Internet Privacy


Computer Science; Privacy; Security


Internet privacy is an issue of concern in the early twenty-first century. With increasing Internet use for work, socializing, and daily tasks comes a corresponding increase in potential breaches of privacy. To address this issue, individuals may use a variety of technologies and techniques to ensure the security of their personal information and online communications.



The Internet has enabled individuals the world over to communicate with one another and share information. Internet users can socialize, shop, conduct financial transactions, and carry out other tasks online. The privacy of their online actions and the data they share have become increasingly at risk, however. Breaches of online privacy can take many forms. It can be the inadvertent sharing of personally identifiable information (PII) through lax social media security settings. Or it can be the theft of banking or credit card information. Insufficient privacy practices can make it possible for criminals to gain access to individuals' contact details, health data, financial information, or government identification information such as Social Security numbers. Such access can lead to identity theft or fraud.

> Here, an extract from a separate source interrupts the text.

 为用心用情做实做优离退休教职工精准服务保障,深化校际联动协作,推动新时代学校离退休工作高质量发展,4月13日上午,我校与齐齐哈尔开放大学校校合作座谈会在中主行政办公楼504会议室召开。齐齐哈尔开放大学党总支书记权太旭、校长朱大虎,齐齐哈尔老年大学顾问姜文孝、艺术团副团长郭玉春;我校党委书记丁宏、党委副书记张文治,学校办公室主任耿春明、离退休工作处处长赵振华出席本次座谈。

Cybercrime is one of the major causes of concern in regard to Internet privacy. Privacy breaches by corporations and marketers are also major concerns. Tracking technologies enable advertisers to market to individuals based on their browsing habits and previous purchases. Some users enjoy being served ads relevant to their shopping patterns, but others view that it as an invasion of privacy. Protecting one's online activity from government surveillance is likewise of concern to some Internet users. Their concern increased after the secret US National Security Agency (NSA) Internet surveillance program PRISM was revealed in 2013.

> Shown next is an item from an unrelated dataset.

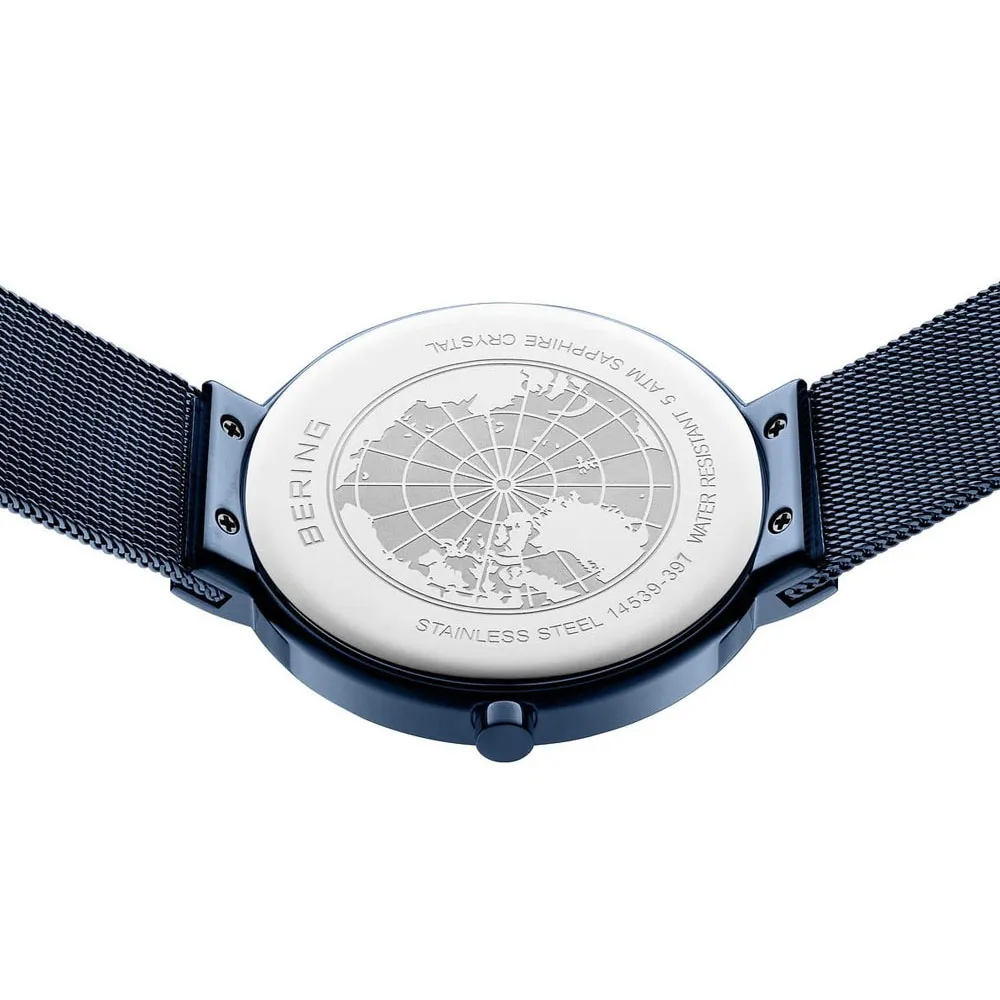 Die Bering Armbanduhr 14539-397 setzt modische Akzente mit ihrem ganz in blau gehaltenen Erscheinungsbild und dem eleganten Sunray Ziffernblatt. Das hochwertige Milanaisearmband sorgt für einen stilvollen Look und ist angenehm zu tragen.

A number of government and public-sector organizations have researched the privacy needs of Internet users. One such research initiative, the European-run Privacy Incorporated Software Agents (PISA), sought to identify and resolve privacy problems associated with intelligent software agents. These agents are computer systems that act on the behalf of the user in a semiautonomous manner. The researchers also examined existing privacy laws and best practices. They created a prototype interface designed to meet usability requirements of users. The interface was also designed to gain users' trust, so that they would feel comfortable entering their personal information. The researchers found that even when privacy options were provided, as in a settings or control panel interface, many users had difficulty understanding how to use those options to meet their privacy needs. The users also found it hard to understand how the privacy options were connected to the personal information they had entered.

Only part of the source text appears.